**SUPPLIED RECORDS:**

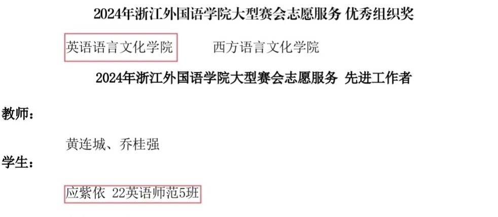 近日,bevictor1946韦德官网获评2024年度公司大型赛会志愿服务优秀组织奖,22英语师范5班应紫依获评先进工作者,21英语师范4班陶颖、22英语6班吴奇获评优秀志愿者。
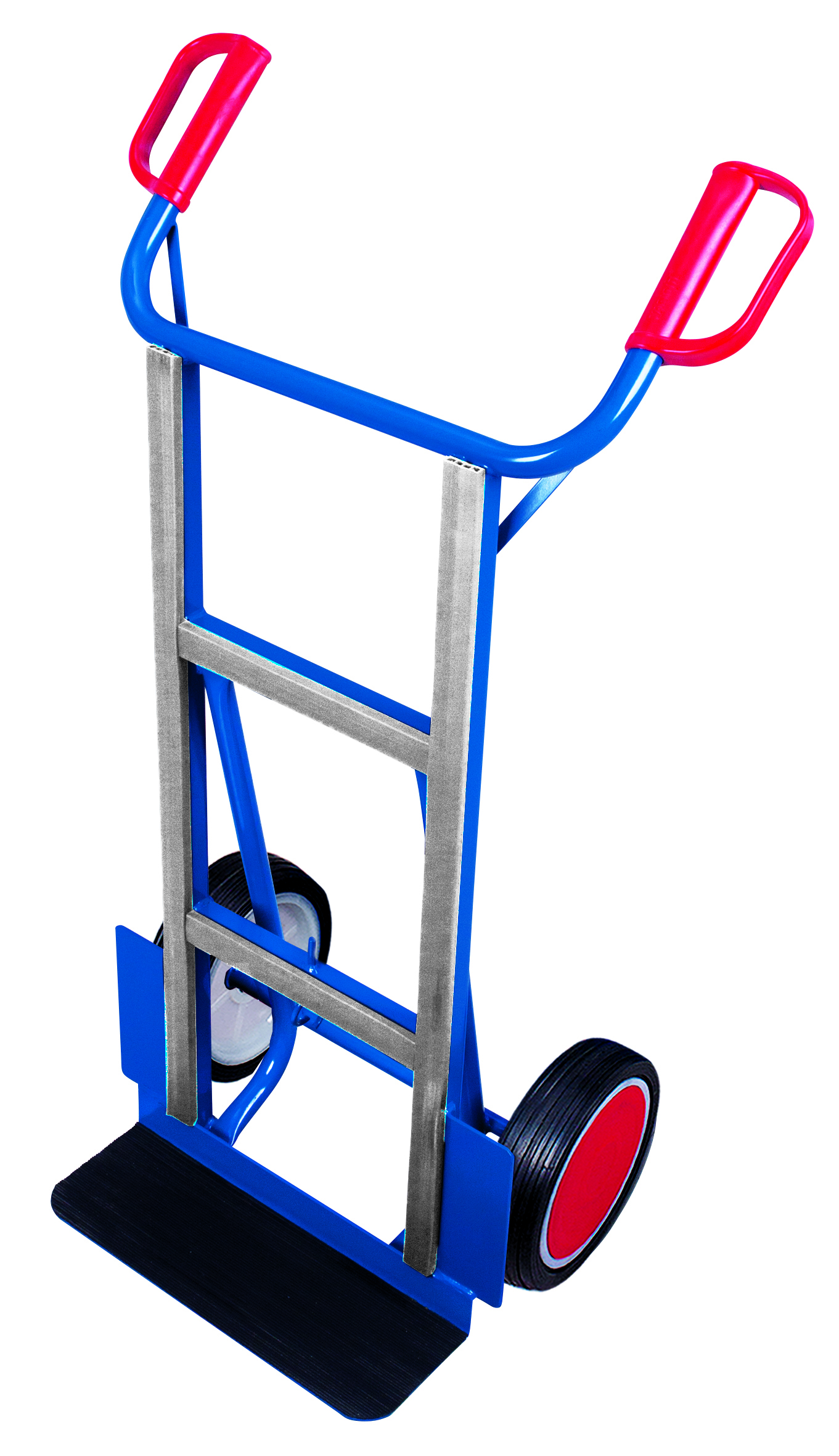 Schweißkonstruktion aus Stahl 2 innovative PVC-Sicherheitshandgriffe Schaufel aus Stahlblech gebogenen Querstreben und senkrechte Streben dauerhaft oberflächengeschützt schlag- und kratzfest Luftbereifung auf Stahlfelge oder Vollgummibereifung auf Spezial-Kunststofffelge mit Präzisions-Rillenkugellager und Kunststoffradkappe.
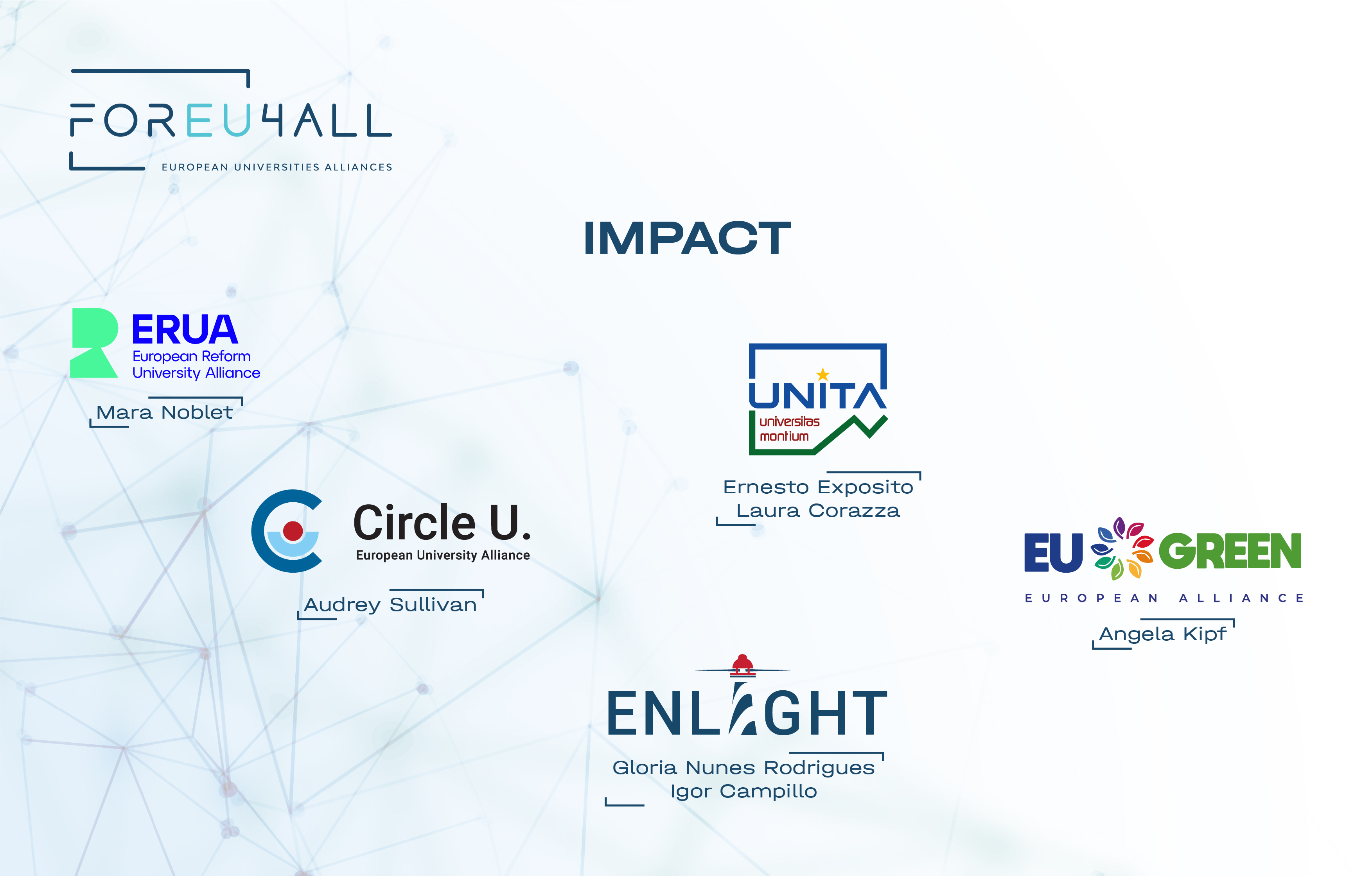 The FOREU4ALL Impact topical group aims to promote a culture of impact across the European Higher Education and Research Areas. It supports European University Alliances (EUAs) in understanding, assessing, communicating, and managing the transformative effects of their work. By raising impact awareness, enhancing impact literacy, and fostering impact readiness, the group empowers Alliance members to reflect on and deepen their contributions to the European Higher Education and society.
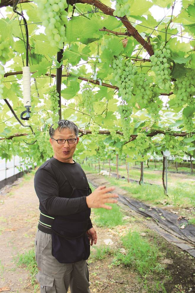 "포도 농사를 지은 지는 한 35년 정도 됐는데, 세기 무핵은 한 6~7년 됐지. 원래 친환경으로 재배할 수 있는 씨 없는 포도로 경조종이라는 품종이 있었는데 그건 알이 작았어. 그래도 소비자들은 나오기만 하면 냉장고에 쟁여놨던 품종이여. 근데 세기 무핵이 같은 조건으로 알이 더 크니까 이거로 바꿨는데, 이제는 그거로 모자라서 엄청 큰 걸 원하잖어, 다들."
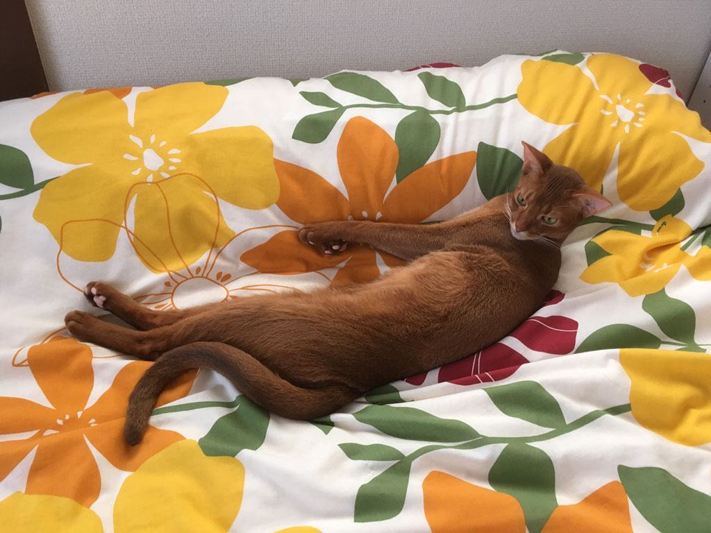 伸びて寝る様になったアビのすけ君…、暖かくなって来た証。 コメントを残す 今日はロシ子のブログで手間取ったので、アビのすけのブログは写真を2枚だけ。 これは、3日前の5/11(土)の午後3時前の事でしたが、2階の私のベットの上で、アビのすけ君が伸びて長くなって寝ていました。 暖かくなって来たらこの体勢で寝始めるアビのすけ君。 それにしてもアビのすけ君、君は一体、何頭身美人なんだい…、ほんと、頭が小さくてシュッとしているアビシニアンのアビのすけ君です。(笑)
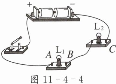 3. 将灯泡$L_1$和$L_2$接入如图11-4-4所示的电路,闭合开关,下列说法不正确的是( )。
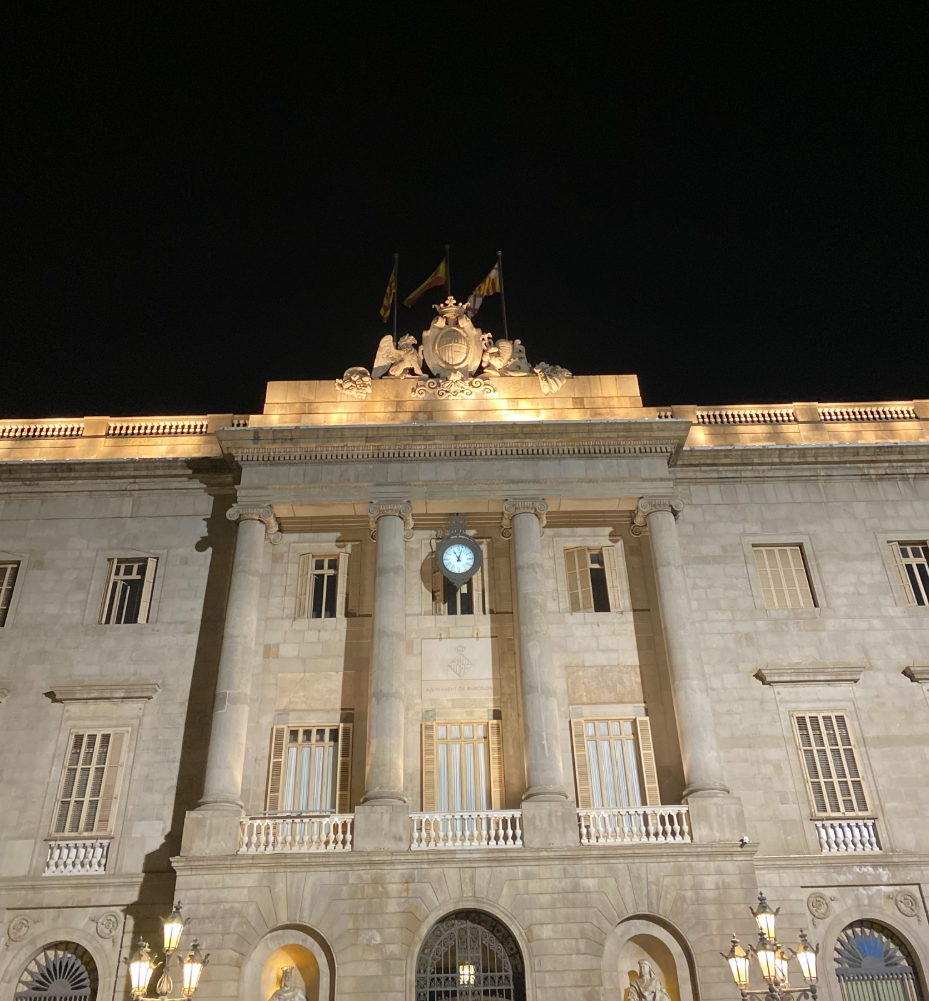 După vizită, am mers spre Plaça Sant Jaume, centrul administrativ al Barcelonei. Aici se află Palau de la Generalitat și Primăria. Piața este plină de viață, artiști stradali și turiști.
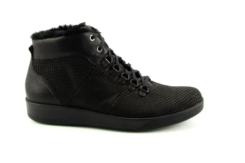Veterboot van Durea met uitneembaar voetbed. Dit model heeft een slangen print en een sier bontrandje langs de enkel. Voor de extra brede voet.
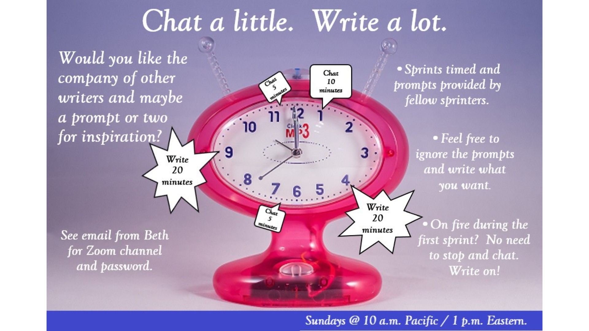 The writing sprints are one of our offerings. Here is your Sunday sprint reminder The sprints currently happen weekly**: **Subject to change.
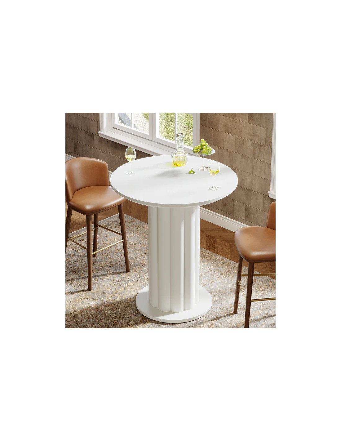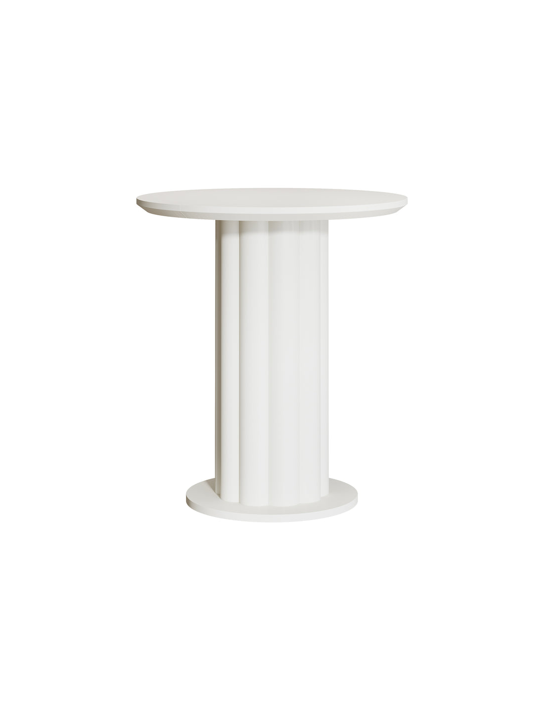 Barbord eller højt spisebord, udført i et design af hvidlakeret MDF. Bordet måler 100 cm i højden og 80 cm i diameter.
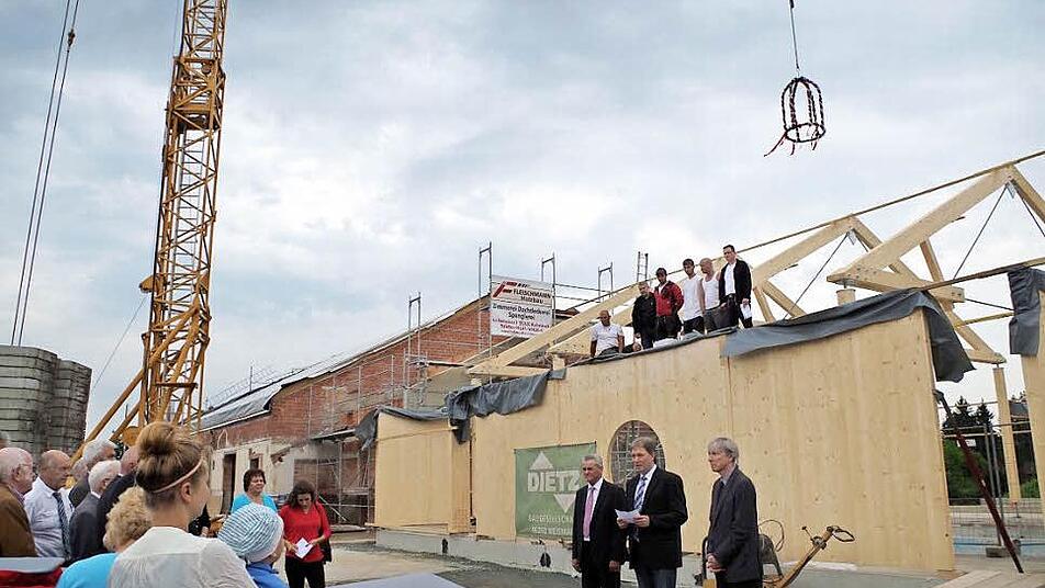 Gestern wurde am Freizeit- und Tourismuszentrum in Steinbach am Wald die Richtkrone hochgezogen. Fünf Millionen Euro werden in das Infrastrukturprojekt investiert.
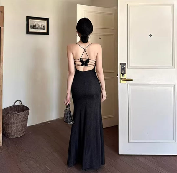 Sexy Black Spaghetti Strap Mermaid Side Slit Lace Long Prom Dress Ideas, Evening Party Dresses , WGP1577
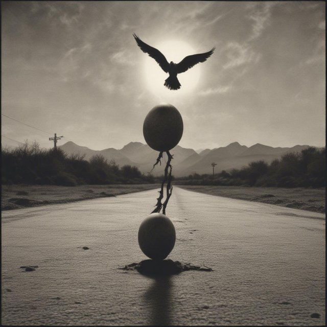 Двумя человеками.. небрежно взявшими яйцо… невольно.. посеяна вражда меж всех народов…. Лишь редкостный прохожий вдруг остановится, заметив «что там за птица реет надо мной? Так.. то знамение было? Все не спроста?...» да на одних полотнищах птица вся красная с крылом чернее нощи, а на других – вся синяя с крылом белее дня. Махнет рукой и побежит в путь свой (искать место тишей, сытней под стягом посильней).
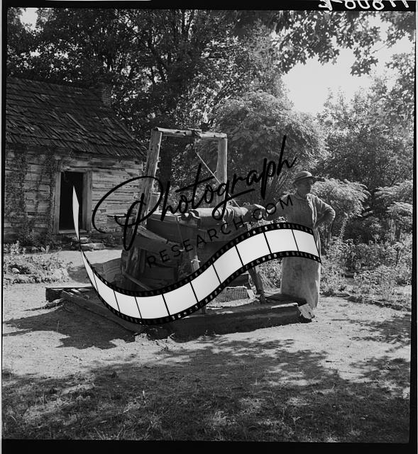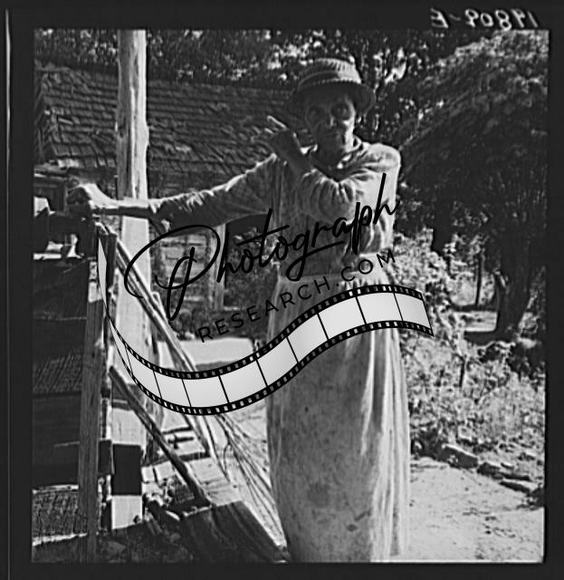 Title: Caroline Atwater, wife of Negro owner, has a well-swept yard
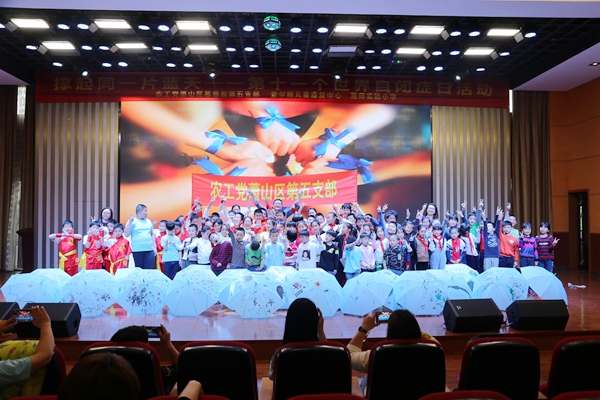 活动现场,20余名自闭症儿童表演歌伴舞节目《感恩的心》,并与五支部党员和湘师实验学校的近百名学生开展游戏联欢活动,共同绘制20把象征着关爱、包容、友谊和健康的蓝伞。蓝伞将由第五支部党员公益认购,所得善款将全部用于资助参与今天活动的自闭症儿童。
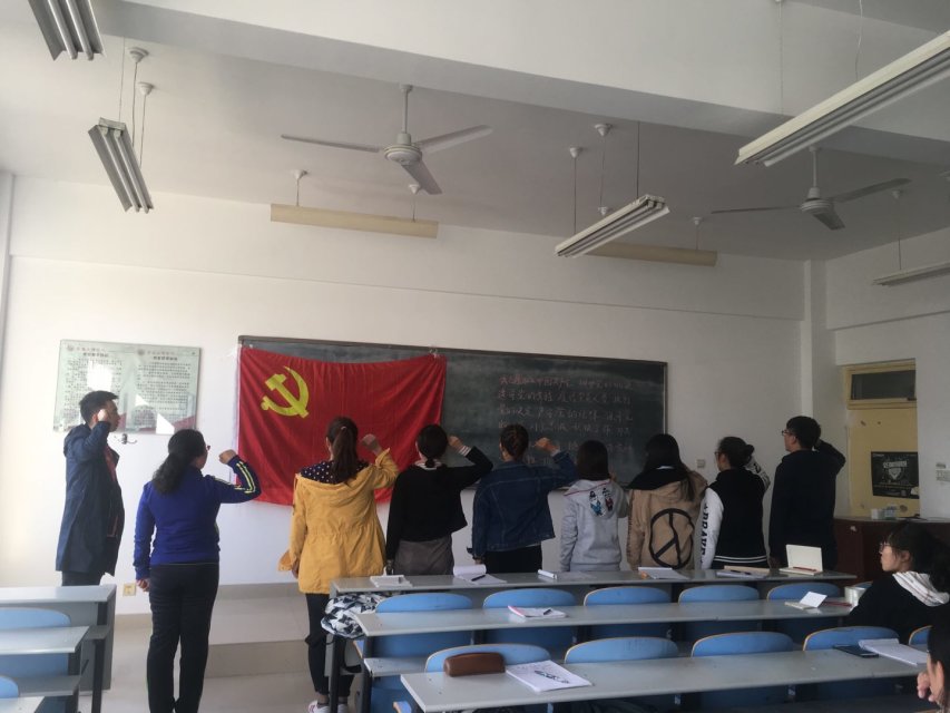 宣誓仪式在《国歌》中正式开始,张文婧宣读了党委组织部关于同意发展张博等8名同学为中国共产党预备党员的批复,赵川向他们发放了党徽及党章,理论学习本,赠送了《梁家河》。全体新党员在老党员赵川、张文婧的带领下,面向党旗举起右手庄严宣誓,表达了自愿加入中国共产党,为共产主义奋斗终身,随时准备为党和人民牺牲一切的真诚之心。新党员代表王媛发言表态,表示一定要以一个合格共产党员标准严格要求自己,认真学习党的理论、政策、方针和路线,努力践行入党誓词,发挥党员的先锋模范带头作用,引领我院学生刻苦学习、潜心实践,为建设中国特色社会主义练好本领。
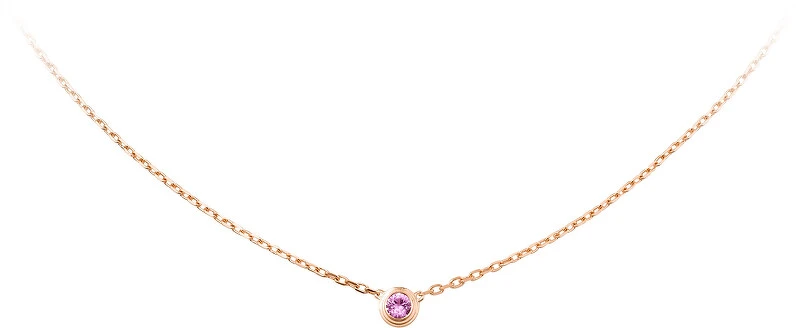 推薦一:Sunlight系列項鏈,18K玫瑰金,鑲飾1顆明亮形切割圓形鑽石(約0.06克拉)和6顆粉紅色藍寶石(約0.48克拉),售價NT$108,000
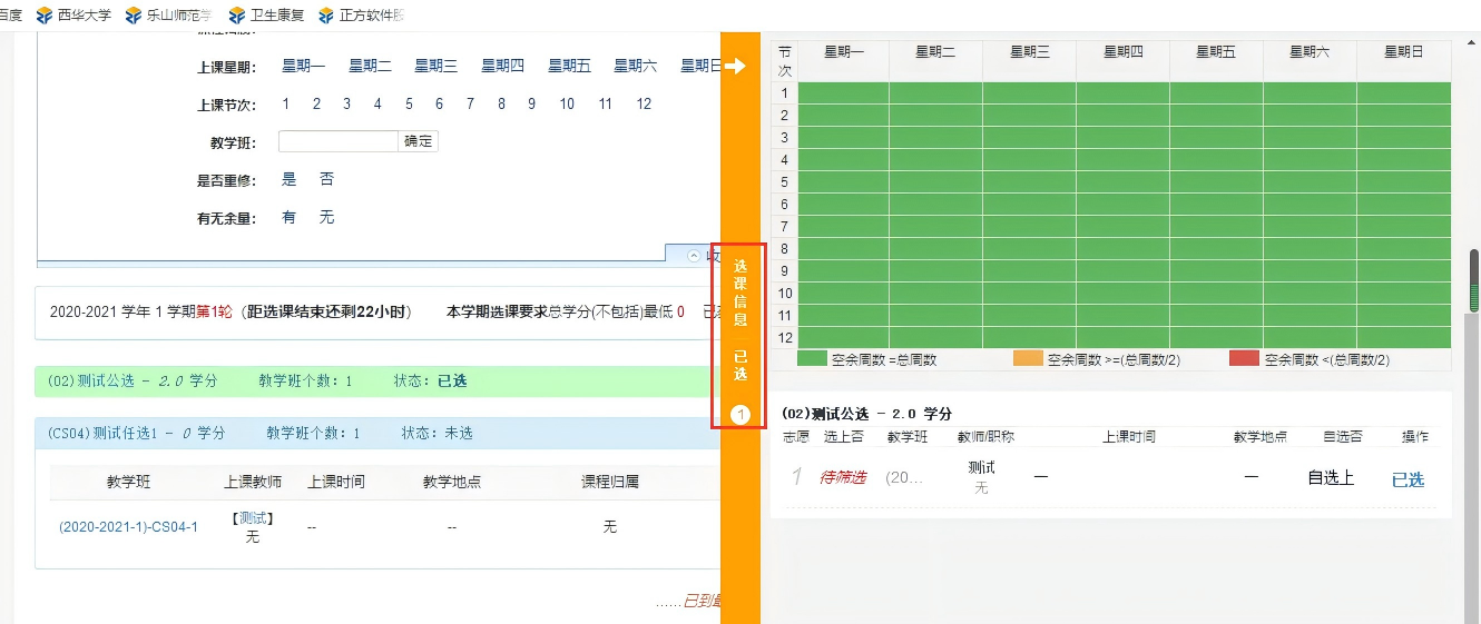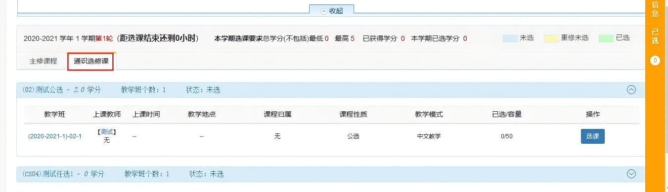 4、选课时只能选择课程容量未满的课程。如某门课程容量已满,则只能改选其他课程。

**TASK BRIEF:** Leave out the pictures and copy exactly the lines from the one with "Gestern wurde am" through the last line of the records above.

**ANSWER BOX:**
 Gestern wurde am Freizeit- und Tourismuszentrum in Steinbach am Wald die Richtkrone hochgezogen. Fünf Millionen Euro werden in das Infrastrukturprojekt investiert.
 Sexy Black Spaghetti Strap Mermaid Side Slit Lace Long Prom Dress Ideas, Evening Party Dresses , WGP1577
 Двумя человеками.. небрежно взявшими яйцо… невольно.. посеяна вражда меж всех народов…. Лишь редкостный прохожий вдруг остановится, заметив «что там за птица реет надо мной? Так.. то знамение было? Все не спроста?...» да на одних полотнищах птица вся красная с крылом чернее нощи, а на других – вся синяя с крылом белее дня. Махнет рукой и побежит в путь свой (искать место тишей, сытней под стягом посильней).
 Title: Caroline Atwater, wife of Negro owner, has a well-swept yard
 活动现场,20余名自闭症儿童表演歌伴舞节目《感恩的心》,并与五支部党员和湘师实验学校的近百名学生开展游戏联欢活动,共同绘制20把象征着关爱、包容、友谊和健康的蓝伞。蓝伞将由第五支部党员公益认购,所得善款将全部用于资助参与今天活动的自闭症儿童。
 宣誓仪式在《国歌》中正式开始,张文婧宣读了党委组织部关于同意发展张博等8名同学为中国共产党预备党员的批复,赵川向他们发放了党徽及党章,理论学习本,赠送了《梁家河》。全体新党员在老党员赵川、张文婧的带领下,面向党旗举起右手庄严宣誓,表达了自愿加入中国共产党,为共产主义奋斗终身,随时准备为党和人民牺牲一切的真诚之心。新党员代表王媛发言表态,表示一定要以一个合格共产党员标准严格要求自己,认真学习党的理论、政策、方针和路线,努力践行入党誓词,发挥党员的先锋模范带头作用,引领我院学生刻苦学习、潜心实践,为建设中国特色社会主义练好本领。
 推薦一:Sunlight系列項鏈,18K玫瑰金,鑲飾1顆明亮形切割圓形鑽石(約0.06克拉)和6顆粉紅色藍寶石(約0.48克拉),售價NT$108,000
 4、选课时只能选择课程容量未满的课程。如某门课程容量已满,则只能改选其他课程。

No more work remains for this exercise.